4.2. Cancer-Associated Fibroblasts: Colorectal Cancer’s Band Leader

The incidence of CAFs in tumor progression is better understood; however, it becomes more complex as the knowledge progresses [112,113,114][67][68][69]. Indeed, CAFs promote cancer development through tumor environment remodeling, cancer stemness enhancing, cancer cell feeding, and immune response suppression, but evidence shows that CAFs can also turn into tumor inhibitors.
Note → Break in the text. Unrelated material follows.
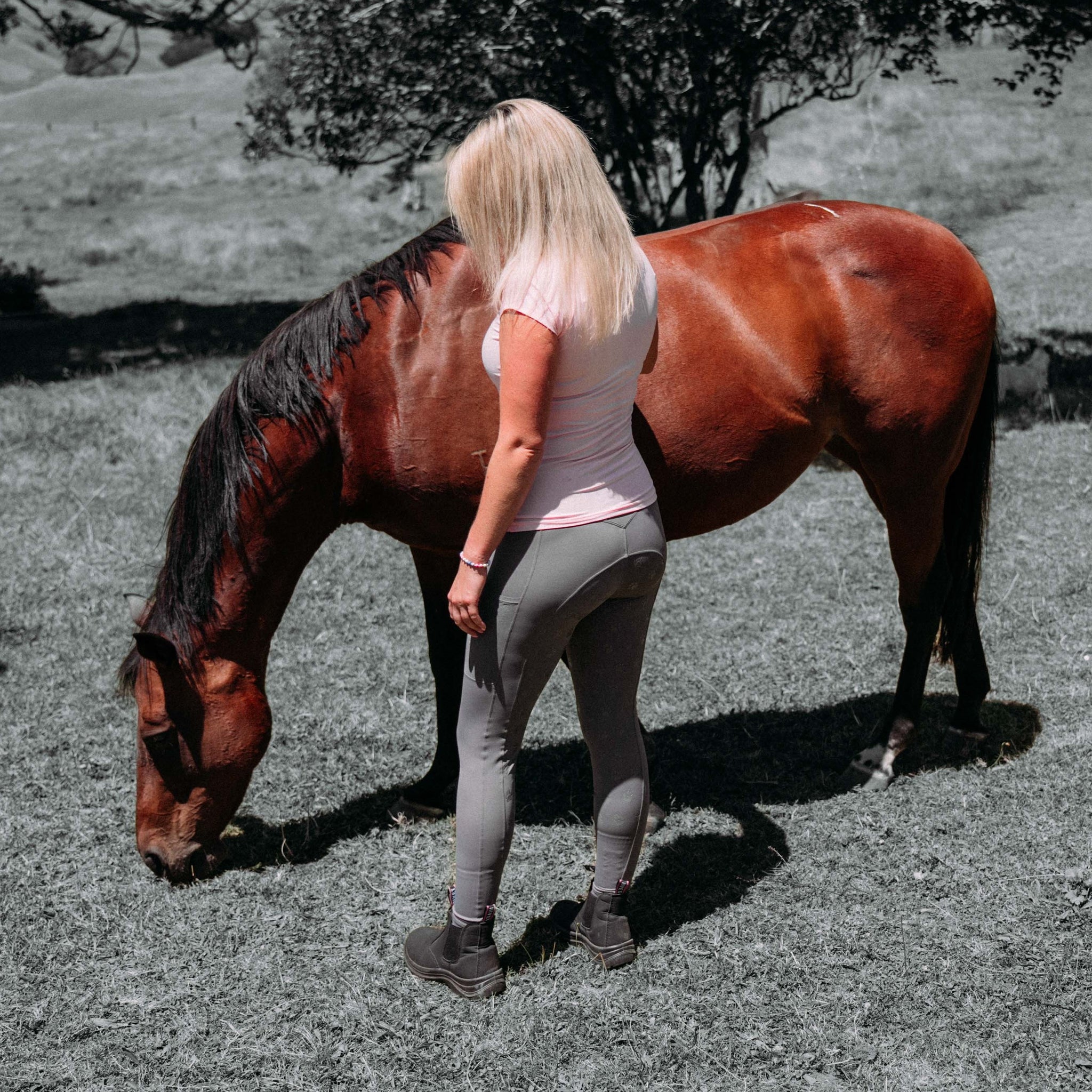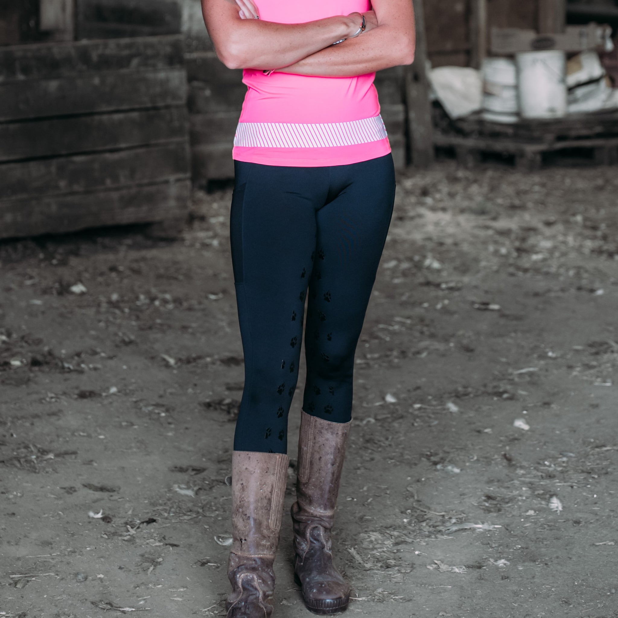 Crafted from a luxurious blend of 78% polyester and 22% spandex, the Cavalry Series Leggings offer exceptional stretch and flexibility for work, play, or daily wear. With a 260gsm weight, they balance warmth and breathability while managing moisture to keep you dry year round. A high rise, non roll waistband ensures a secure fit, and SPF 50+ protection shields you from harmful UV rays. Cell phone pockets on each side keep essentials close, with full seat and inner leg silicone prints for superior grip in the saddle. Final sale – no returns or exchanges.

This suggests, and it was confirmed by recent studies, that CAF populations are heterogeneous [98,99][70][71]. A recent study demonstrated the importance of two CAF subpopulations involved in BMP signaling regulation that ensure the balance between stemness enrichment and tumor cell differentiation in the mouse and human CRC organoid model [115][72]. A first population, associated with a poor prognosis in human CRC, is characterized by the increased secretion of GREM1, the BMP antagonist known to play a predominant role in the physiological ISC niche. By analogy with fibroblasts’ role in the physiological regulation of the stem cell population, in CRC, the CAF population secreting GREM1 is associated with tumor stemness. Conversely, the CAF population described to promote differentiation and to block stemness is characterized by enrichment in immunoglobulin superfamily containing leucine-rich repeat (ISLR) protein causing BMP pathway stimulation and is, thus, associated with a good prognosis in CRC. The role of CAF in CRC progression and aggressiveness has become prominent thanks to transcriptomic analysis demonstrating that poor prognosis and resistance to radiotherapy correlate with a gene signature linked to stromal cells rather than epithelial tumor cells [116,117][73][74].